Over the years, we have repeatedly seen abundant sporulation in pot cultures of a fungal community the sporulates sparsely or not at all in the field, especially in (i) pastures, (ii) semi-arid sites, and (iii) some grasslands. Relatively high sporulation can occur in the field, mostly in certain habitats such as (i) sand dunes, (ii) wetlands, and (iii) acidic minesoils, where plants are patchy and spaced widely apart. These observations indicate that interplant dynamics (with heavy involvement of interplay amongst root systems) and soil environments play an important role. Observations from different pot culture systems provide additional clues:

1. Addition of autoclaved oat kernels to a potting medium results in tremendous stimulation of shoot (and root) growth, with a 30-40 day delay in sporulation compared to the same system without oat kernels. Plant changes also are marked with mycorrhizal root length almost 1.5 times in the former than the latter. Abundance of sporulation, in spite of temporal differences, is similar in both treatments.

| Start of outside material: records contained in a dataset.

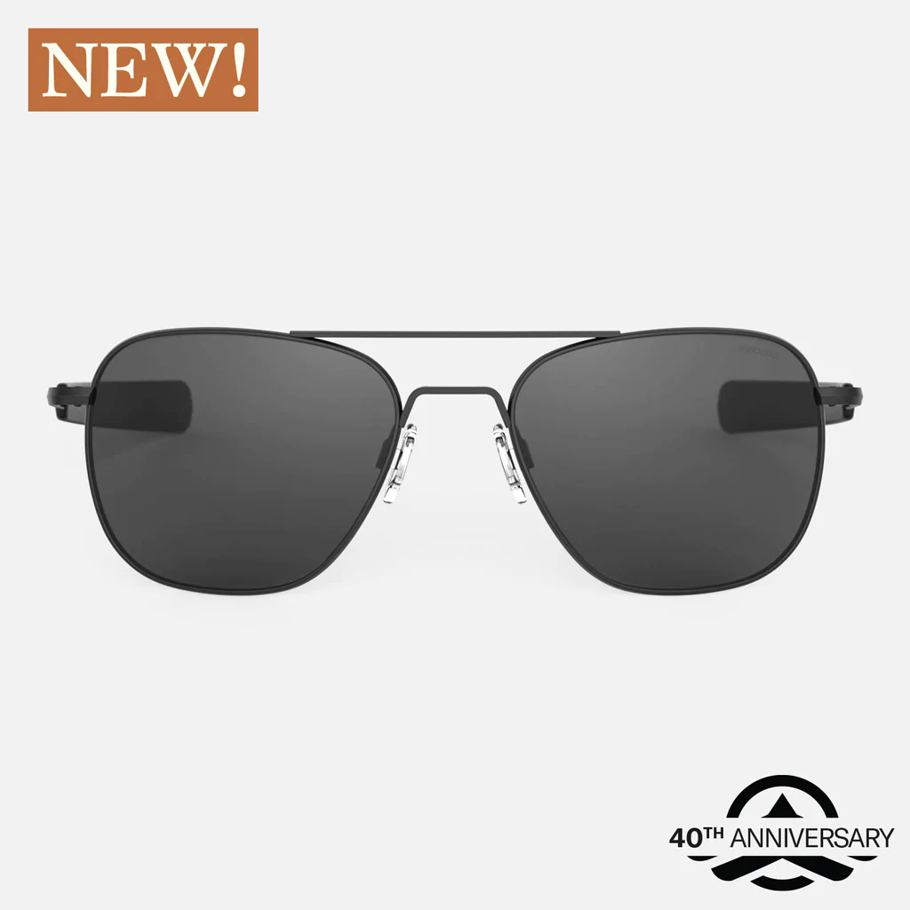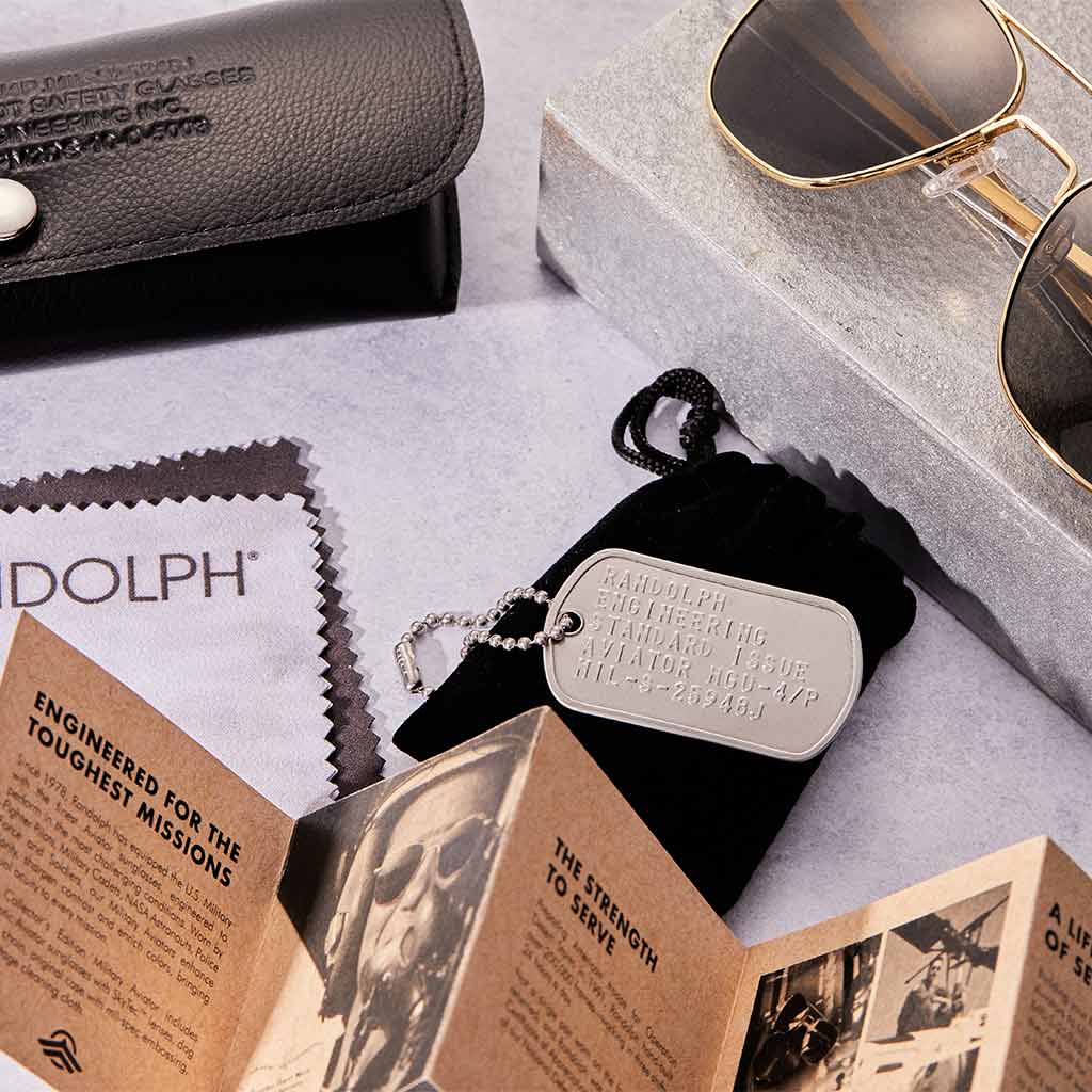 The authentic Randolph Military Aviator—worn by U.S. Military Pilots for over 40 years. Each pair in this special collection comes with embossed military-issued case, custom Randolph dog tag keychain and military-inspired cleaning cloth. Choose from Matte Chrome, 23k Gold or our NEW Matte Black finishes paired with SkyTec™ glass American gray lenses in both polarized and non-polarized options.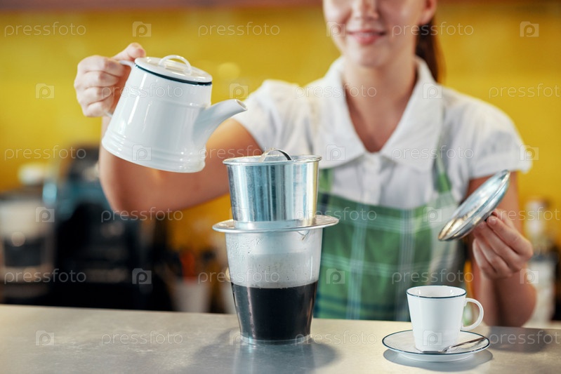 Crop barista заваривает кофе, наливая горячую воду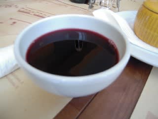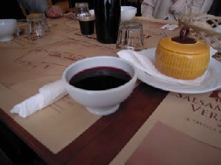 食前酒——-「EMILIANA」ではいきなりボールでワインが。以前何かで見た記憶はあるが、初体験。特に甘くも渋くもなかったが、やや濃いかな?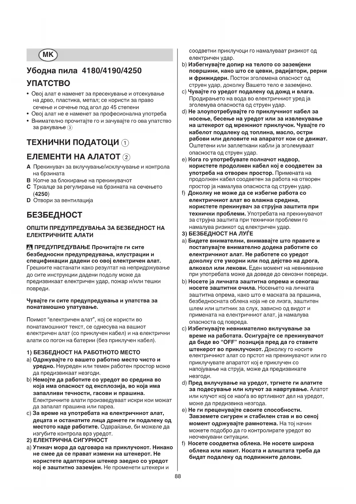 - Внимателно прочитајте го и зачувајте го ова упатство за ракување 3 ТЕХНИЧКИ ПОДАТОЦИ 1 ЕЛЕМЕНТИ НА АЛАТОТ 2 A Прекинувач за вклучување/исклучување и контрола на брзината B Копче за блокирање на прекинувачот C Тркалце за регулирање на брзината на сечењето (4250) D Отвори за вентилација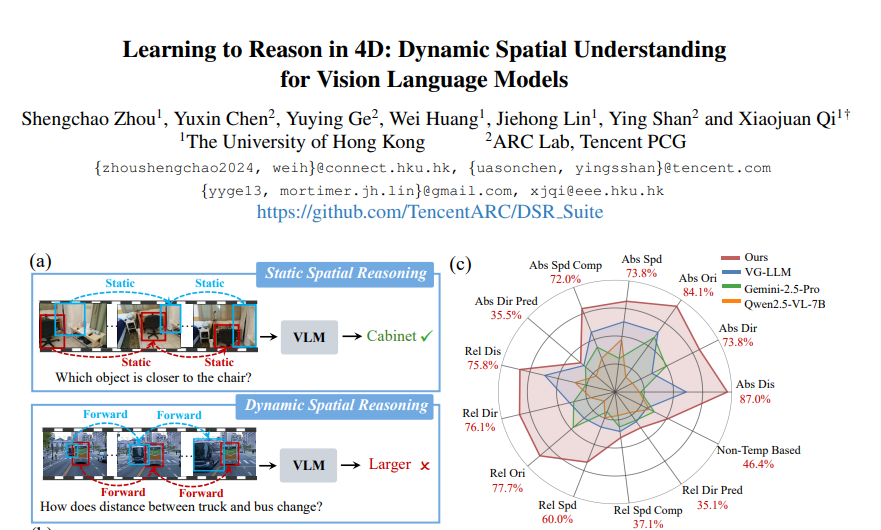 这项由香港大学的周胜超、齐晓娟领导,联合腾讯PCG ARC实验室的陈宇鑫、葛育英等研究者完成的研究,发表于2025年12月的arXiv预印本平台,论文编号为arXiv:2512.20557v1。研究团队针对当前视觉语言模型在理解动态场景中物体空间关系变化方面的不足,开发了一套名为DSR Suite的完整框架,让AI能够像人类一样理解和推理三维空间中物体随时间的运动变化。

2. Corn growing in a 1.5 liter pot and an 8 liter pot produces more biomass in the latter. Onset of sporulation occurs 35-45 days later in the larger pot.

3. Sudangrass growing in 15-cm diameter pots (approx. 1.5 liters) will produce abundant hyphae, auxiliary cells, and a low number of spores at 90 days when colonized with Gigaspora margarita and Scutellospora heterogama, but after an additional month in which plants are somnolent (no longer growing), auxiliary cells almost disappear and sporulation increases 10-fold or more.

From the observations summarized above, we hypothesize the following is occurring in pots:

1. During the active phase of shoot and root growth, most of the carbon going to the fungi colonizing roots is invested in mycorrhizal development (where fungal growth takes advantage of ever expanding root niche space). Carbon also is allocated to external hyphal development, but mostly for hyphae that are infective (produce secondary infection units) appear to be absorptive. The fungi are not partitioning much carbon to sporulation, possibly because sink size would compromise rate and amount of mycorrhiza biomass.

2. Once roots have ceased growth because of constraints imposed by pot boundaries, mycorrhizal colonization catches up in roots and at some point also reaches stasis.

3. With continued photosynthesis in shoots, carbon is repartioned to the one niche still open to fungal growth, and that is in sporulation. This allocation continues as long as there is an active carbon source (leaves, stems). The extent of continued sporulation following stasis in plants seems to be consistently greater and longer for Gigaspora and Scutellospora species than for Glomus, Acaulospora, Entrophospora, Paraglomus, and Archaeospora spp.